Exercises in real analysis typically include proving inequalities or convergence, verifying continuity, and finding derivatives and integrals of real functions. The exercise given involves demonstrating an inequality for the function defined by an integral and exploring its properties using concepts from real analysis, such as inequalities for sine and cosine functions, and the fundamental theorem of calculus.

Mathematical Integration

Mathematical integration is the process of finding the integral of a function, which can be interpreted as the area under a curve or the cumulative sum of values of a function. In the exercise, the function described is an integral, specifically \( f(x) = \int_{x}^{x+1} \sin (e^{t}) dt \).
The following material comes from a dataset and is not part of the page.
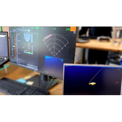 Simulator for EOD Workspace Prepares Operators in a Virtual Underwater Environment; EOD Workspace was developed for small, inspection class ROVs such as the VideoRay® MSS Defender® to specifically address the requirements for use in the EOD workflow. EOD Workspace automates piloting the ROV, so that EOD technicians can focus on the job: locating, identifying and disabling underwater ordnance. Dual screen set-up of simulator. Operator (left) experiences EOD Workspace, exactly as they would flying an ROV. Supervisor (right) as multiple viewing option to oversee operators progress.

Integration is a cornerstone of calculus and comes in two main flavors: indefinite integration, which finds a general form of antiderivatives; and definite integration, which calculates the net area between the function and the x-axis over a given interval. The given function is an example of definite integration, where the limits of integration are dependent on the variable \( x \), giving rise to what's known as a parameterized integral.
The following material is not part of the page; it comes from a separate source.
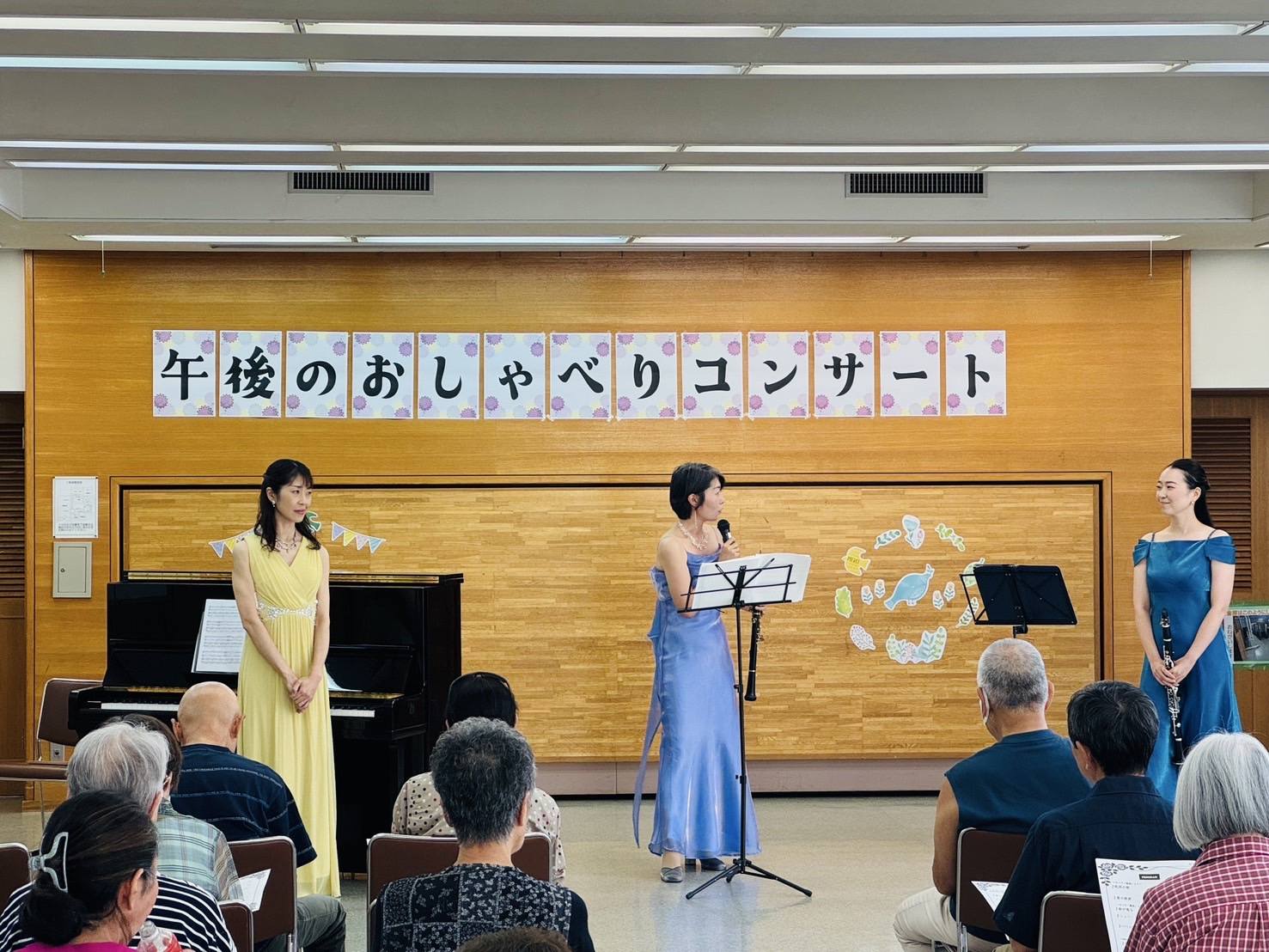 コミュニティセンターのスタッフの皆様による可愛らしく飾り付けされた舞台で聴き馴染みのあるクラシックから唱歌、歌謡曲などお届けしました♪

One of the critical techniques used in evaluating integrals, especially those that involve parameters, is Leibniz's rule. It allows us to differentiate under the integral sign when the limits of integration are not constants. This rule forms the cornerstone of solving the exercise at hand and shows how subtle changes in integration limits affect the resulting function.

Fundamental Theorem of Calculus

The fundamental theorem of calculus plays a pivotal role in connecting differentiation and integration, two core operations in calculus. It is divided into two parts, with the first part establishing that every continuous function has an antiderivative and the second part, which states that the definite integral of a function over a specific interval can be computed using any one of its antiderivatives.

The first part of the theorem is used in the step-by-step solution to evaluate the function \( f(x) \) as an antiderivative of its derivative \( f'(x) \). The second part comes into play when showing the inequality \( e^{x} |f(x)| < 2 \), by interpreting \( |f(x)| \) as the accumulation of the rates given by \( |f'(t)| \) from 0 to \( x \).

This connection is beautifully illustrated in the exercise and its solution, which uses the fundamental theorem of calculus to bound the value of the function \( |f(x)| \) by integrating its derivative. The theorem is not just a tool for calculating areas but also a profound statement about the nature of mathematical analysis and its applications to understanding properties of functions.